Toni è un cacciatore.
Ha una moglie, una figlia, un cane e un tabià ristrutturato in una radura frequentata da caprioli e pochi cervi. Passano di lì anche la volpe, il tasso e la martora. Fanno parte della famiglia, non li mirerà mai.
Io sono solo. Nella mia strada, al centro del paese, passa la martora che si mangia i cavi ecologici delle auto parcheggiate. A volte, Toni, lo incrocio al bar, altre volte in auto, non siamo ancora pronti per salutarci. Ci studiamo, forse, o forse non ci sono motivi per andare oltre un’occhiata.
Toni parte presto, la domenica, quando è ancora buio. Sa dove andare, ha uno scopo, una ragione pressante per salire solo col cane, fuori dal sentiero. Ascolta tutto ciò che si muove: i rumori, i canti, capisce cosa si dicono i codirossi, cosa chiede il becco storto. Ascolta il picchio.
Io parto quando mi sveglio e tutto si decide la sera precedente al bar del centro. Decido soprattutto dopo aver visto le previsioni meteo. Ho comprato libri, dvd specializzati, ho frequentato corsi notturni e visitato musei interattivi. Non so ancora distinguere un merlo da una cincia, un passero da un fringuello. Non so se spreco tempo o se ho una minima possibilità di successo. Mi accontenterei di poco, mi basterebbe, passeggiando con un’amica poter dire: «Ascolta…, senti questo canto, sai cos’è?». Lei con un sorriso mi direbbe dolcemente: «No, dimmelo tu…» ed io con tutta sicurezza potrei raccontare storie, leggende, origine del nome, etologia ed altro ancora. Ma non è così, accidenti.

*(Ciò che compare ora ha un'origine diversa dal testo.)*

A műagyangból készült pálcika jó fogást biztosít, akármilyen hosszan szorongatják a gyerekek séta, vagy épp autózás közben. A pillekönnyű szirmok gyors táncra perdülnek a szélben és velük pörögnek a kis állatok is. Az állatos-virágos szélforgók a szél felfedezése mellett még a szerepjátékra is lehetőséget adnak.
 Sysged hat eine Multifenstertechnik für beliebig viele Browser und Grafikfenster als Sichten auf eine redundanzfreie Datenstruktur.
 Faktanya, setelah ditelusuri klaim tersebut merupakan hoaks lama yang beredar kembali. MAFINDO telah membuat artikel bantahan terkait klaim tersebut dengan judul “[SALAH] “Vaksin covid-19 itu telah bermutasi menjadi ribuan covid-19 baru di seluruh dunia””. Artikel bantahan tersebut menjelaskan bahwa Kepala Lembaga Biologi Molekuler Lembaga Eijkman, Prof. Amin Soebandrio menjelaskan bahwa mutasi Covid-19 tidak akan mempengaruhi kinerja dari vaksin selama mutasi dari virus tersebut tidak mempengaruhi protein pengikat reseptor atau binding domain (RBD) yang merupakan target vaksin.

Toni è nato in paese, la madre non voleva correre rischi andando in ospedale. Partecipi, alla nascita, tutti i vicini di casa. Io sono stato partorito in clinica. Periferia di una qualsiasi anonima città il cui nome non conta, un palazzone tra parcheggi e affollate fermate di mezzi pubblici. Nessuno si è accorto di nulla. Routine.
Parto solo come sempre, zaino, merenda e cartina Tabacco 016.

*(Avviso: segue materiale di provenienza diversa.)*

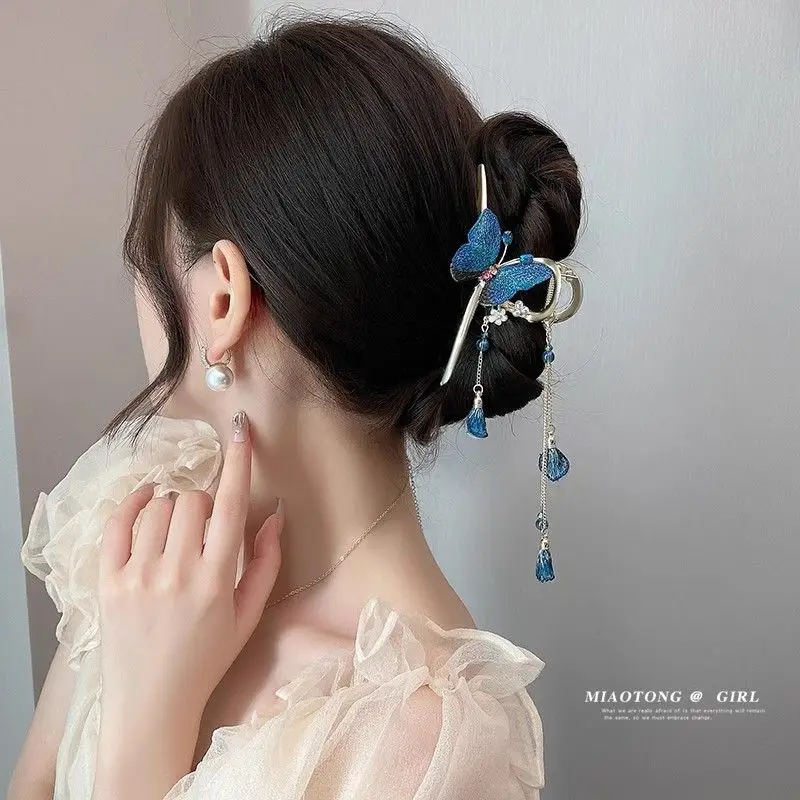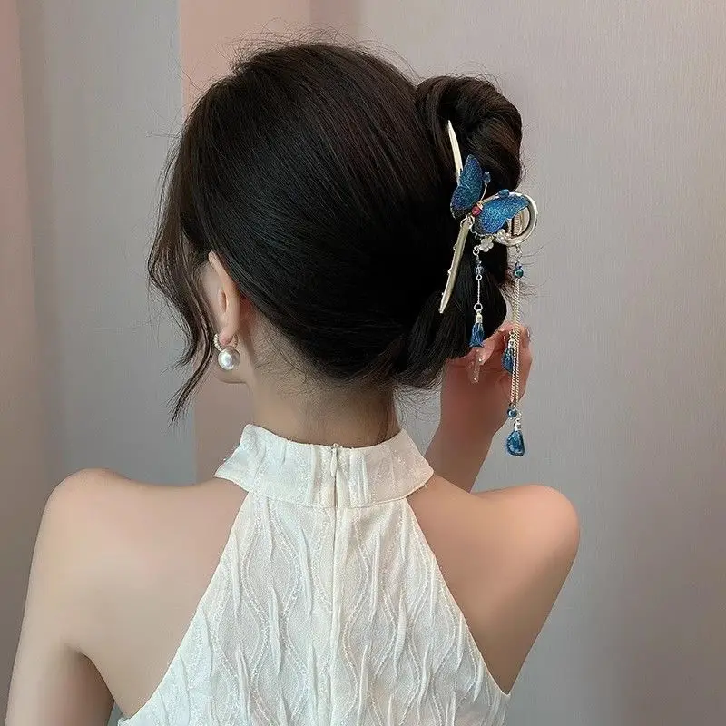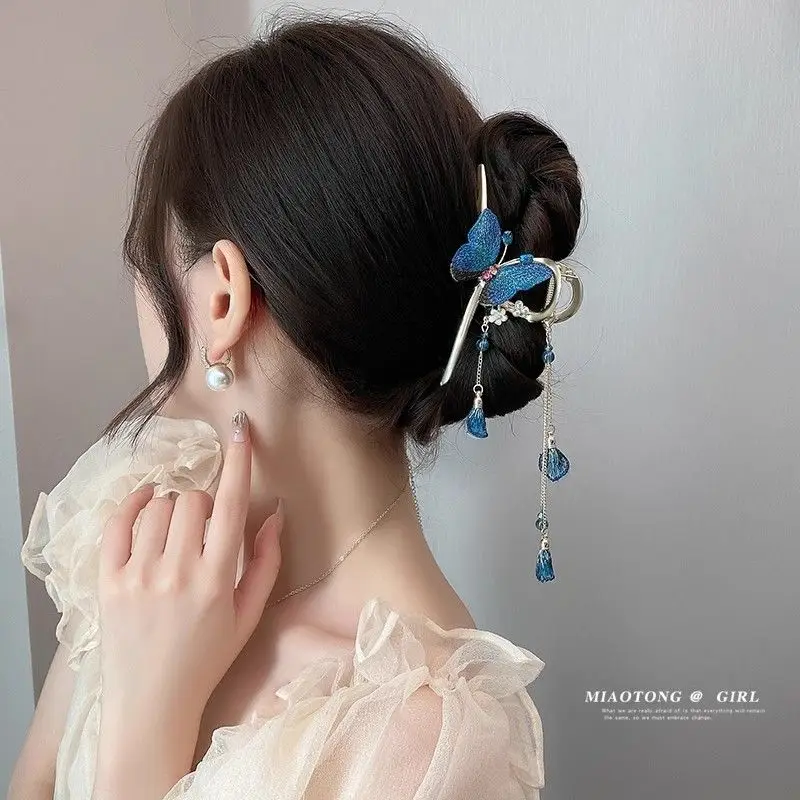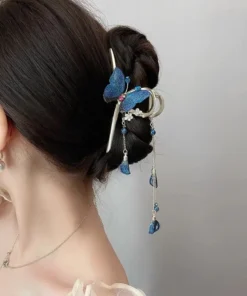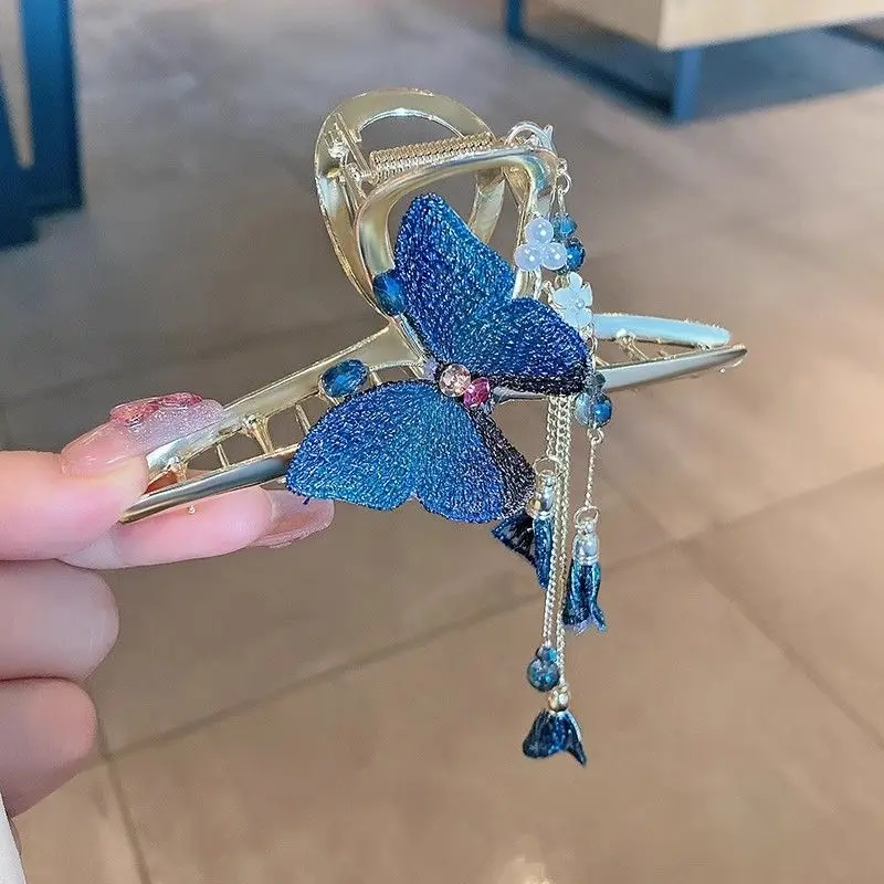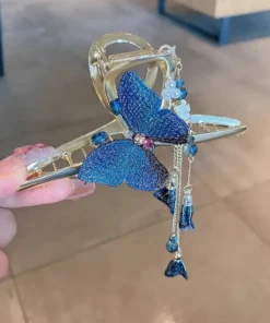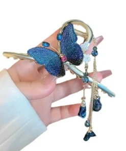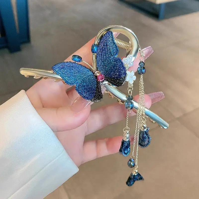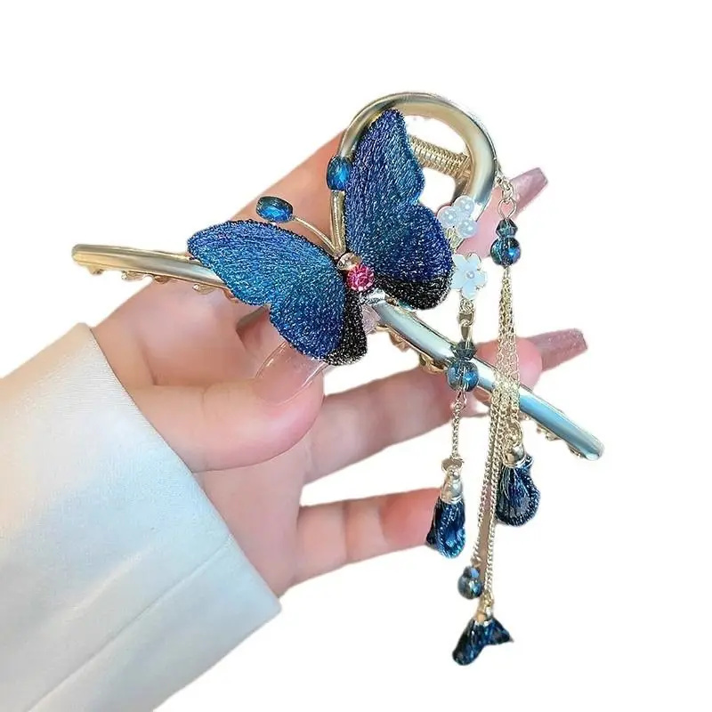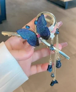 Tassel Blue Butterfly Fashion Hairpin for Women – Large Elegant Hair Clip

Parcheggio l’auto al Cercenà. E’ presto, non c’è ancora luce, ieri sera non c’era nessuno al bar, è fine mese e le paghe non sono ancora entrate. Sara, Emilio e Giuseppe dormono ancora, le asine e le capre no, stanno già cercando l’erba migliore.
Salgo veloce verso Dàlego, le brusade, la panoramica, sosta a Forcella dell’Elma. Passa un camoscio di corsa, svolazzano due femmine di forcello, arrivo all’orto del Montanel. Di solito salgo a dare un’occhiata agli Spalti da Forcella Lisetta. Oggi no, parto diritto per il Cadin di Montanel, andrò su una cima forse, vedremo.

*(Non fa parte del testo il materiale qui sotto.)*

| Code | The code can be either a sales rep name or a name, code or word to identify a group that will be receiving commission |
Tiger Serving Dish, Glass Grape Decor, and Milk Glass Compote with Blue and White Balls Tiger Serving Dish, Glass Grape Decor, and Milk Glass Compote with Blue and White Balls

Il catino si sta schiarendo, il silenzio è uniforme, inviolabile. Al bivio decido. Svolto a destra verso la cengia che attraversa la parete, so che si passa me lo ha confermato un vecchio del paese. La traversata termina al sole. Un vecchio ometto segnala il passaggio. Guardo a sinistra, parete verticale, guardo a destra, tracce di passaggio. Bene una cima me la faccio. Una lunga costiera promette panorami invidiabili. Vado veloce mi basta un buon panorama, per la contemplazione tornerò, adesso voglio scendere al rifugio Padova.
Dalla ritrovata forcella, tra i due versanti scendo prestando attenzione a quella valle ampia e solare chiamata la Caccia grande ed è qui che si capisce il significato del nome. Da tutte le direzioni giungono canali ghiaiosi, corridoi tra i baranci, cenge erbose: è la grande casa del camoscio, ricca e solare. Da una cornice scende guardingo un camoscio. Corna piccole, questa la so, è una femmina. Smuove pochi sassi è prudente. Mi immobilizzo. Ecco dietro compare veloce, mirando alla mamma il piccolo. Mi siedo, vorrei sprofondare tra le pietre, nascondermi, godermi la visione, accarezzarli quasi.